§ Raw data
----

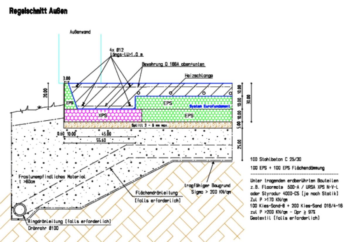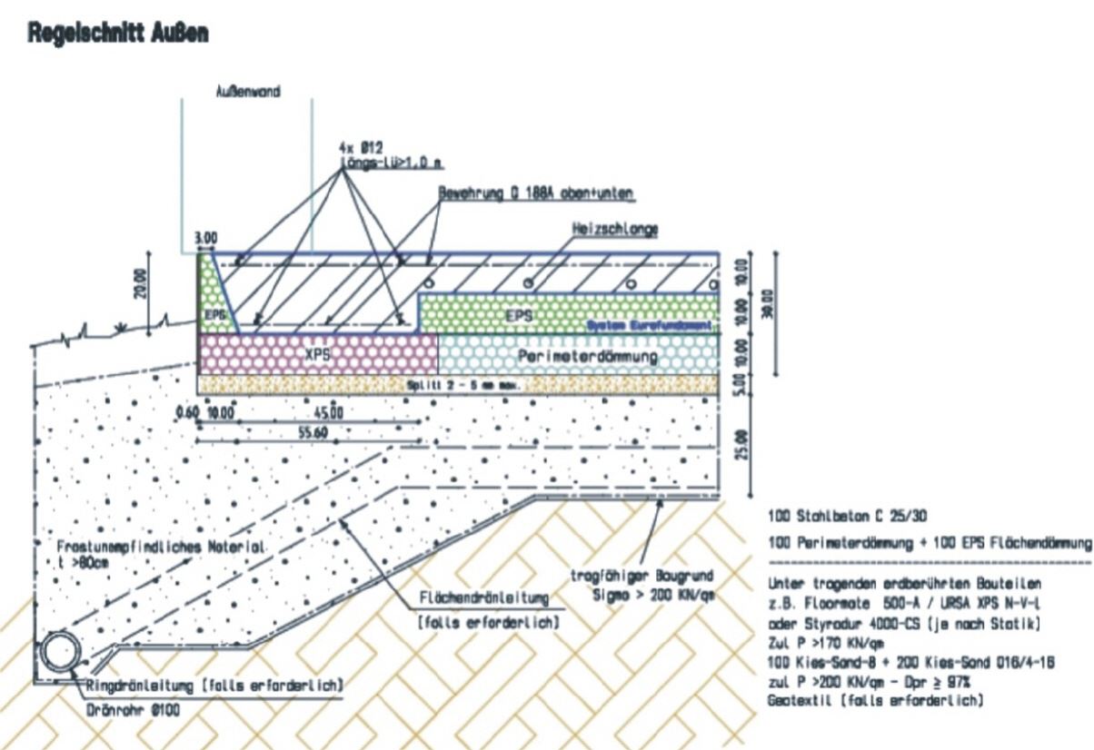 Die erste Lage besteht aus XPSN-V-L Platten, auf denen später die tragenden Außen- und Innenwände stehen werden. In der Fläche wird Perimeter-Material mit Zulassung eingesetzt. Zwischen erster und zweiter Lage der insgesamt 200 mm dicken Dämmung wird eine Sperrbahn im Sinne der DIN 18195 als Feuchtesperre eingelegt.
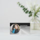 This business card design features a photo placeholder with template name and occupation on the front. The back includes a template text field for the business name and details. Replace the placeholder photo with your photograph. Fill in the personalise fields, remove any text or edit using the design tool to select a font style, size, and colour you like. Choose from twelve paper styles. The placeholder photo is courtesy pexels.com.
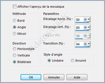 3 - Effets/Effets d'image/Mosaïque sans jointure réglages suivants :

----

§ What you are asked to do
Write out the whole listing exactly. Pictures stay out.

§ Solved exercise
 Die erste Lage besteht aus XPSN-V-L Platten, auf denen später die tragenden Außen- und Innenwände stehen werden. In der Fläche wird Perimeter-Material mit Zulassung eingesetzt. Zwischen erster und zweiter Lage der insgesamt 200 mm dicken Dämmung wird eine Sperrbahn im Sinne der DIN 18195 als Feuchtesperre eingelegt.
 This business card design features a photo placeholder with template name and occupation on the front. The back includes a template text field for the business name and details. Replace the placeholder photo with your photograph. Fill in the personalise fields, remove any text or edit using the design tool to select a font style, size, and colour you like. Choose from twelve paper styles. The placeholder photo is courtesy pexels.com.
 3 - Effets/Effets d'image/Mosaïque sans jointure réglages suivants :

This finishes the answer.